Detalhes bibliográficos
Autor(a) principal: FRANÇA, M. M.
Data de Publicação: 2018
Outros Autores: FERNANDES FILHO, E. I., FERREIRA, W. P. M., LANI, J. L., SOARES, V. P.
Tipo de documento: Artigo
Idioma: eng
Título da fonte: Repositório Institucional da EMBRAPA (Repository Open Access to Scientific Information from EMBRAPA - Alice)
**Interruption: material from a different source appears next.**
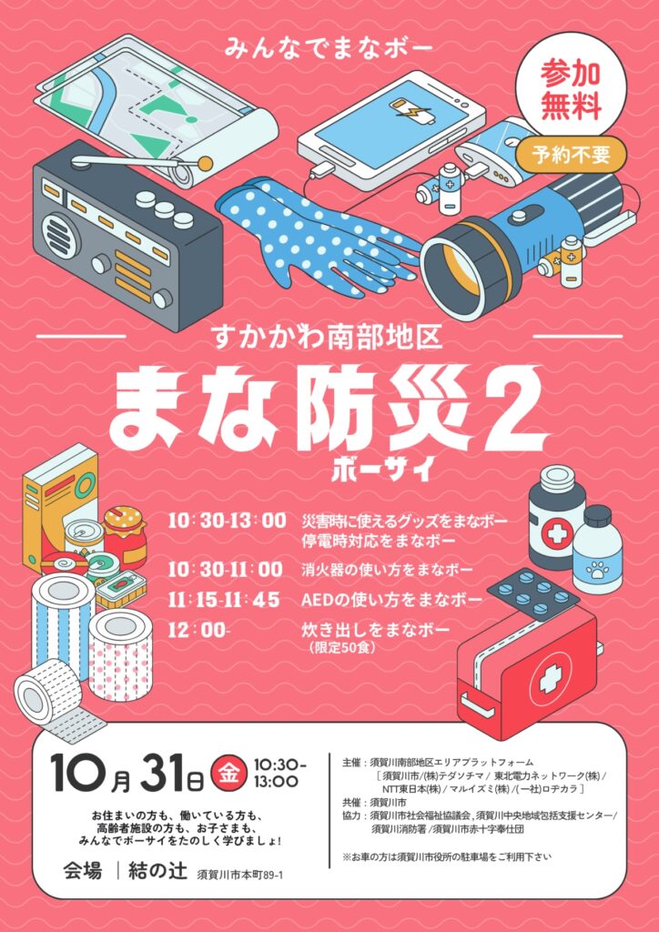 そこで、須賀川南部地区エリアプラットフォームでは、昨年に引き続き、住民/企業/福祉施設/行政などが合同で行う地域一体型の防災イベント「まな防災2」を開催いたします!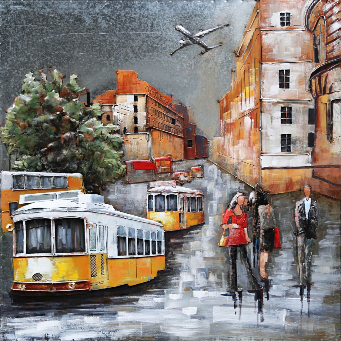 Dipinto Su Metallo Bus Lisbona 100x100 Cm

Texto Completo: http://www.alice.cnptia.embrapa.br/alice/handle/doc/1160424
https://doi.org/10.1590/1809-4430-Eng.Agric.v38n5p728-740/2018
Resumo: During image acquisition, is usually chosen scenes with a lesser cloud cover to avoid loss of spectral information. However, when training samples are collected for image classification, the user finds shadowed areas. Such situation is similar to the presence of clouds since spectral information of these classes is the same in all optical bands of the sensor. This fact becomes more pronounced in mountainous relief areas due to shadow projection on the terrain, which can vary among all seasons during the solar year. With the goal to obtain images with a lower presence of shadow, it was simulated, under the same relief conditions, shading variation in function of latitude (0 degrees to 40 degrees S). Solar radiation models were processed for the days and times passages of the Landsat TM and ETM+ satellite on the Southern Hemisphere. It was verified that over 30 degrees S and 40 degrees S latitudes, a loss of shading area varying between 27% to 91 % and that images should be preferentially taken between October and February. For latitudes comprising 0 degrees and 10 degrees S, the loss was considered negligible, when we set a 10% threshold of loss in the total valid area in an image. According to the amount of radiation in a terrain, South and West areas received less direct solar radiation over the year for all analyzed latitudes in the modeling.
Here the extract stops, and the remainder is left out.